Johannesburg - By October 2012 the rising level of acidic water from old gold mines will begin to infiltrate and pollute the Johannesburg water table, as is already happening in the West Rand.
A planned project to ward off the threatening ecological disaster by purifying the water is awaiting approval from the regulatory authorities.
The first deadline - that for the finalisation and submission of the environmental impact study that was begun two years ago - is the end of October if the project is to be completed in time, said Jaco Schoeman, chief executive of Western Utilities Corporation (WUC), a partnership between the remaining gold mines on the Witwatersrand, on Wednesday.

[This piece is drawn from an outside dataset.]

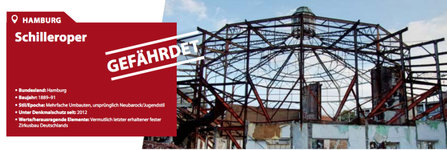 Die Stahlkonstruktion des Rundbaus ist das Zeugnis des letzten Zirkusgebäudes seiner Art aus dem 19. Jahrhundert in Deutschland. 1891 wurde es in Stahlskelettbauweise als festes Haus für "Circus Busch" errichtet. Danach wurde es zum "Schiller-Theater" und schließlich zur "Schiller-Oper". Die letzte öffentliche Aufführung in der imposanten Halle fand am 11. September 1939 statt. Später wurde das Gebäude u.a. als Kriegsgefangenenlager, Unterkunft für Asylsuchende und Autowerkstatt zweckentfremdet. Seit 2007 stand es leer. Im August 2022 hat die derzeitige Eigentümerin die historische Bausubstands der Schiller-Oper und die Nebengebäude abbbrechen lassen und damit das Gebäude skelletiert. Übrig geblieben ist die Metallkonstruktion - sie ist denkmalgeschützt. Die Schiller-Oper steht jetzt da wie bei ihrer Errichtung vor 134 Jahren! Viele Menschen in Hamburg, Deutschland und im Ausland fragen sich, wie das passieren konnte. 2018 gehörte das Gebäude sogar den Bauwerken, die als "European Cultural Heritage" ausgezeichnet wurden.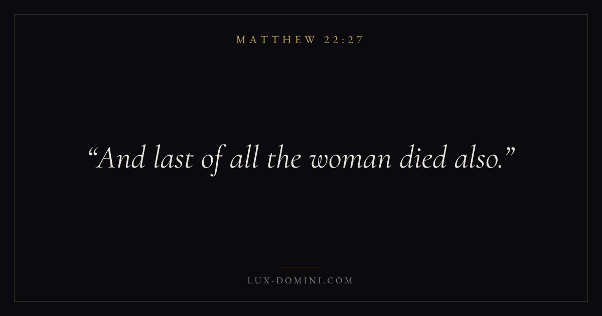 Books / Matthew / Chapter 22 / Verse 27 ← Matthew 22:26 Matthew 22:27 Matthew 22:28 → And last of all the woman died also. Download verse card Share on Twitter Share on Facebook Pin it ✦ Key themes FulfillmentKingdom of heavenDiscipleshipTeaching Read with Matthew 22:23Matthew 22:24 ✦ Matthew Chapter 22 verses V. 1 V. 2 V. 3 V. 4 V. 5 V. 6 V. 7 V. 8 V. 9 V. 10 V. 11 V. 12 V. 13 V. 14 V. 15 V. 16 V. 17 V. 18 V. 19 V. 20 V. 21 V. 22 V. 23 V. 24 V. 25 V. 26 V. 27 V. 28 V. 29 V. 30 V. 31 V. 32 V. 33 V. 34 V. 35 V. 36 V. 37 V. 38 V. 39 V. 40 V. 41 V. 42 V. 43 V. 44 V. 45 V. 46

The project needs to be approved by the end of this year to enable R1.5bn in project finance to be put together by next year for pumping water from the Eastern and the Western Rand to the current Central Rand shafts of ERPM, from whence it can be purified in the new plant and pumped to the RandWater distribution system.
Gold mining activities in the threatened Witwatersrand basin are all on their last legs, but the gold companies have contributed R500m towards the infrastructure of the ingenious project.
These companies include Pamodzi Gold, which is under provisional liquidation, DRDGold, First Uranium, Mintails, Mogale Gold and West Wits Mining.
"Government demanded a solution from the mining industry and this is the industry's proposal,?"Schoeman told a news conference in Johannesburg on Wednesday.
The dying Witwatersrand gold industry comprises three geological formations: the West Rand, the Central Rand and the East Rand basins. The Black Reef Incline, which is the Krugersdorp-Randfontein portion of the West Rand Basin, has been polluting groundwater since 2002 and causing enormous ecological damage to the Krugersdorp Game Reserve, the Sterkfontein Caves, the Cradle Of Mankind conservation area, and many consumers of water such as farmers downstream.
"This type of pollution can totally destroy an ecosystem."
The acid water in the Black Reef Incline decants 15.7m litres of its pollutant into the natural water table every day. The Far West Rand Basin will dump 75m to 125m litres a day when the rising toxic effluent reaches the water table by 2012.
When mine void from the Central and West Rand is added, the acid water pollution level will rise to 155m a day.